Co-locating Tensorflow with Alluxio worker
By co-locating Tensorflow applications with an Alluxio Worker, Alluxio caches the remote data locally for future access, providing data locality. Without Alluxio, slow remote storage may result in bottleneck on I/O and leave GPU resources underutilized. When concurrently writing or reading big files, Alluxio POSIX API can provide significantly better performance when running on an Alluxio Worker node. Setting up a Worker node with memory space to host all the training data can allow the Alluxio POSIX API to provide nearly 2X performance improvement.
Configure Alluxio write type and read type
Many Tensorflow applications generate a lot of small intermediate files during their workflow. Those intermediate files are only useful for a short time and do not need to be persisted to under storages. If we directly link Tensorflow with remote storages, all files (regardless of the type - data files, intermediate files, results, etc.) will be written to and persisted in the remote storage. With Alluxio – a cache layer between the Tensorflow applications and remote storage, users can reduce unneeded remote persistent work and speed up the write/read time.
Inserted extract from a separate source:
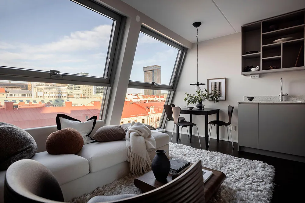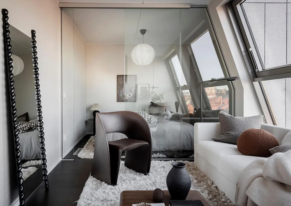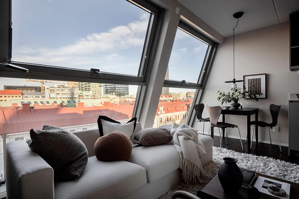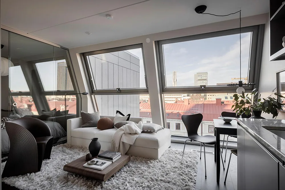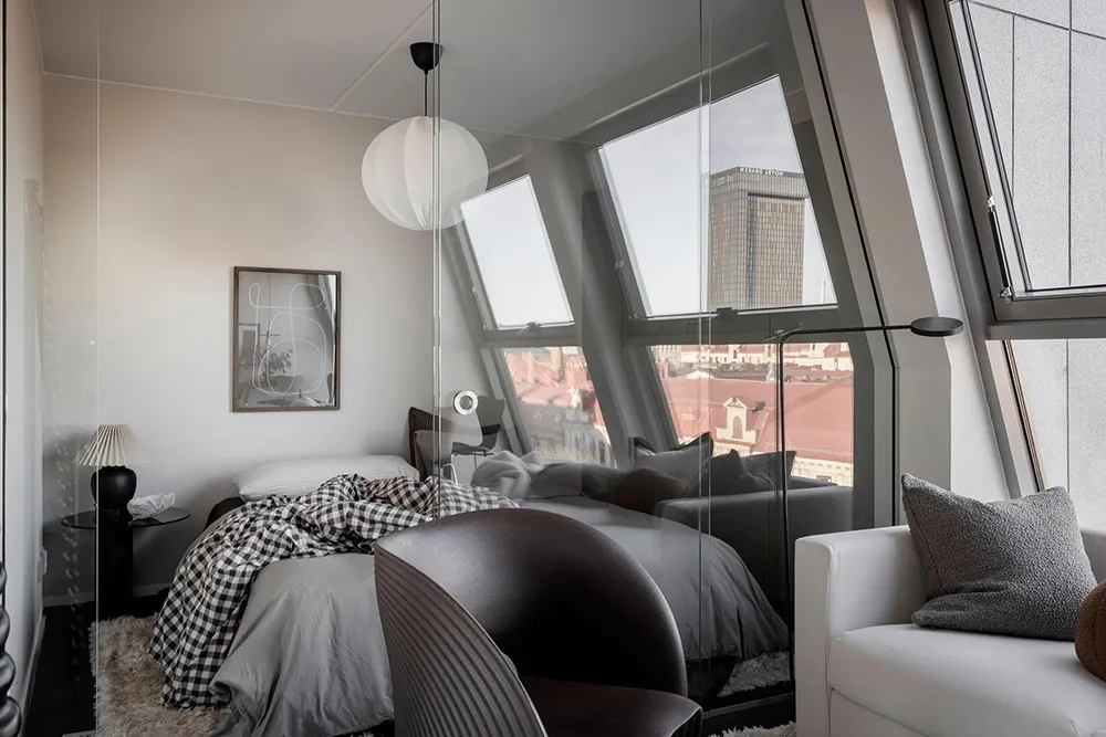 There are not many residential glass skyscrapers in Sweden's major cities (you can count them on the fingers of one hand), so interiors with glass walls are not the most common option in these parts.

With alluxio.user.file.writetype.default
set to MUST_CACHE
, we can write to the top tier (usually it is the memory
tier) of Alluxio Worker storage.
With alluxio.user.file.readtype.default
set to CACHE_PROMOTE
, we can cache the read data in Alluxio for future access.
This will accelerate our Tensorflow workflow by writing to and reading from memory.
If the remote storages are cloud storages like S3, the advantages will be more obvious.